**Data supplied**
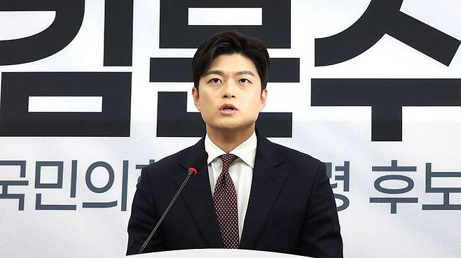 ▲ 국민의힘 비상대책위원장으로 임명된 김용태 의원이 15일 국회에서 기자회견을 열고 발언하고 있다.
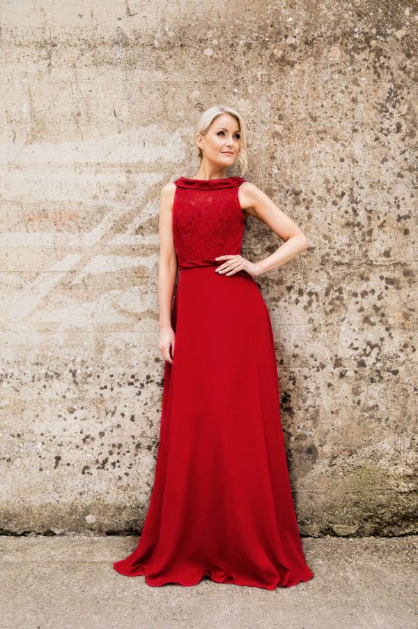Kant en chiffon jurk met kraag.
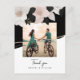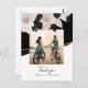 Tack för bröllop-vykortet med ett foto med en svart och vit blommigt med chicens rosa simulerade smyckade blommor.
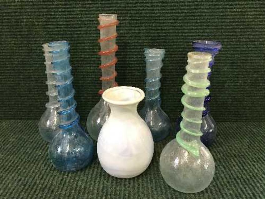 Six antique hand blown Turkish glass vases together with one other piece of glass.
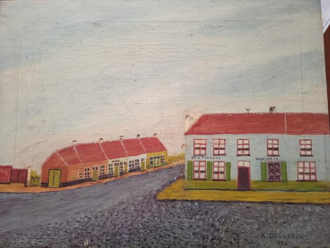 Formaat : 17 x 12 cm. - Onthullen en zegenen van de gedenkplaat in de verkoopzaal door pastoor Georges Borre, Kannunik Felix Van Den Berghe
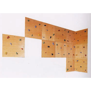 Practice climbing area made of 12 wooden panels with resin handholds mounted onto steel frame to be fixed to the wall
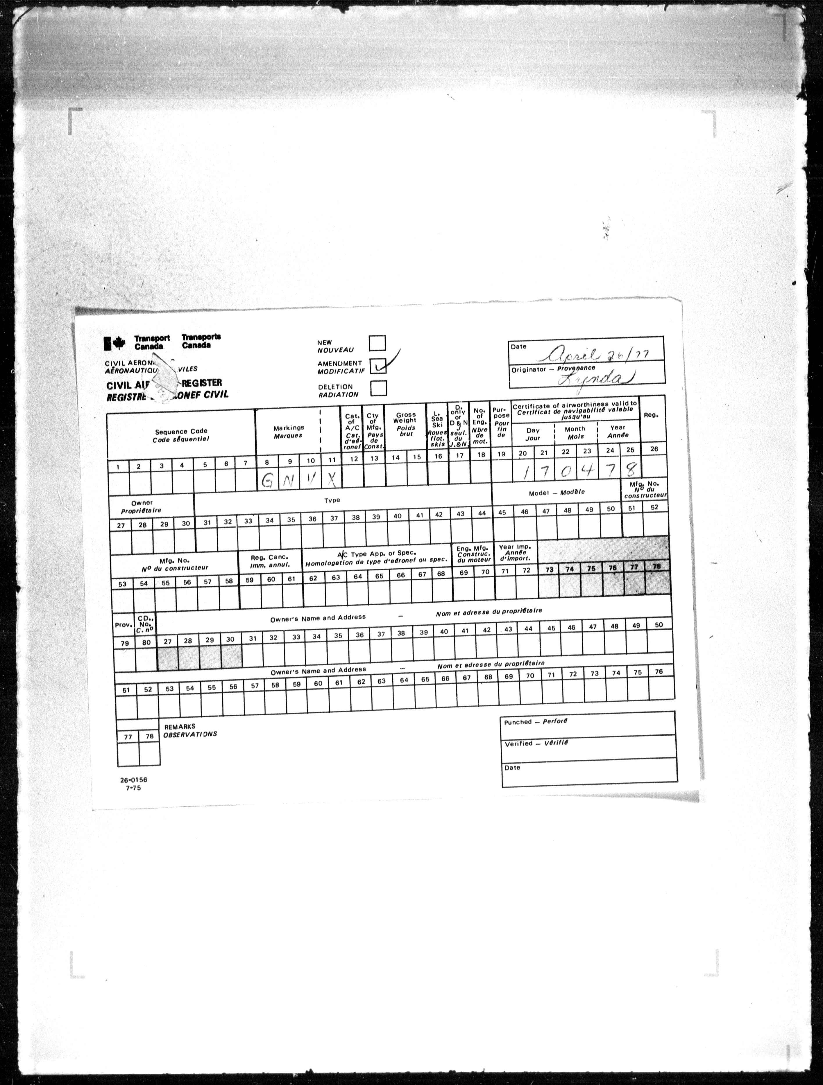 Department of Transport : Civil aircraft registration, inspection and operation files, block 5008, 1920-1986 - 7876

**Exercise**
Everything from the line that contains "Practice climbing area" to the final line of the data is to be duplicated exactly, both ends included, except the pictures.

**Solution**
 Practice climbing area made of 12 wooden panels with resin handholds mounted onto steel frame to be fixed to the wall
 Department of Transport : Civil aircraft registration, inspection and operation files, block 5008, 1920-1986 - 7876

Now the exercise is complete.